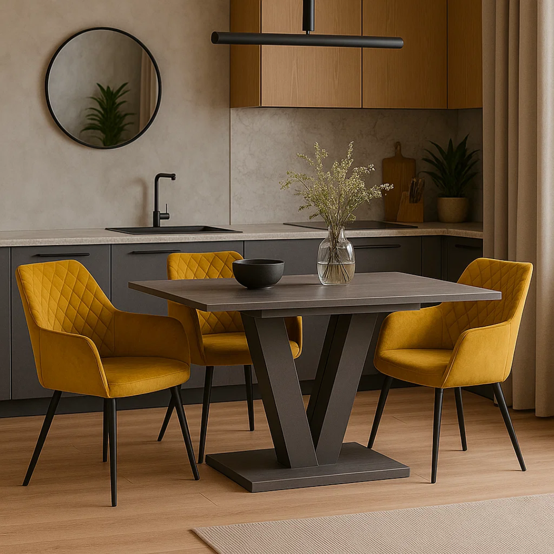 С трапезния стол ETON ще се радвате на стил и удобство. Неговата комфортна седалка е изработена от нежна дамаска, а краката му от праховобоядисан метал. Пълна информация за размерите и характеристиките на модела ще намерите в таблицата в таб/поле „Техническа информация“.
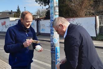 Florian Pötzsch und Bürgermeister Andreas Burger gingen für einen Fernsehbeitrag schon mit gutem Beispiel voran.
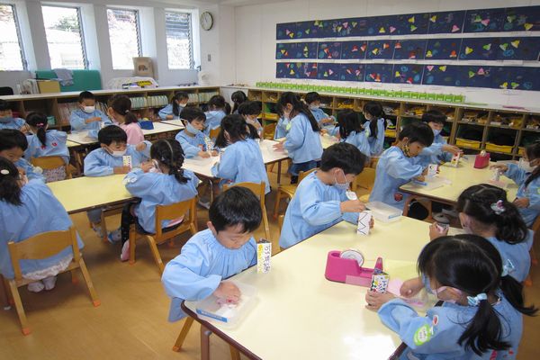 今日は万華鏡を組み立て、完成しました! 少し難しい所もあったけど、最後まで頑張っていました★ くるくる回しながらのぞいてみるととってもきれいで、子ども達も 「わ~、きれいだね」と嬉しそうでした♪
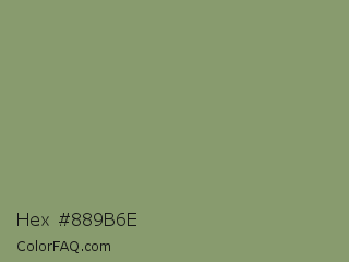 Hex #889b6e Color is a normal green color and the nearest color is Artichoke #8f9779. Hex code #889b6e and RGB value is rgb(136,155,110). In RGB color space, this color is composed of 53% red, 61% green, 43% blue, In CMYK color space, this color is composed of 12% cyan, 0% magenta, 29% yellow , 39% black , In HSL color space, this color has a hue angle of 85° , 18% saturation and 52% lightness.
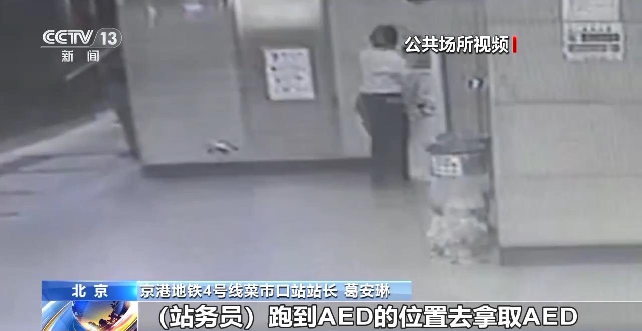 京港地铁4号线菜市口站站长 葛安琳:站务员跑到AED的位置去拿取AED,回到现场后,她又把AED交给一位热心乘客进行接力。我们的站务员同时取来围栏,在现场圈出一个急救区域。

Problem description
Word for word, give again the lines from the line holding "Hex #889b6e Color" through the last line of the material, both included; pictures are not part of the copy.

Completed task
 Hex #889b6e Color is a normal green color and the nearest color is Artichoke #8f9779. Hex code #889b6e and RGB value is rgb(136,155,110). In RGB color space, this color is composed of 53% red, 61% green, 43% blue, In CMYK color space, this color is composed of 12% cyan, 0% magenta, 29% yellow , 39% black , In HSL color space, this color has a hue angle of 85° , 18% saturation and 52% lightness.
 京港地铁4号线菜市口站站长 葛安琳:站务员跑到AED的位置去拿取AED,回到现场后,她又把AED交给一位热心乘客进行接力。我们的站务员同时取来围栏,在现场圈出一个急救区域。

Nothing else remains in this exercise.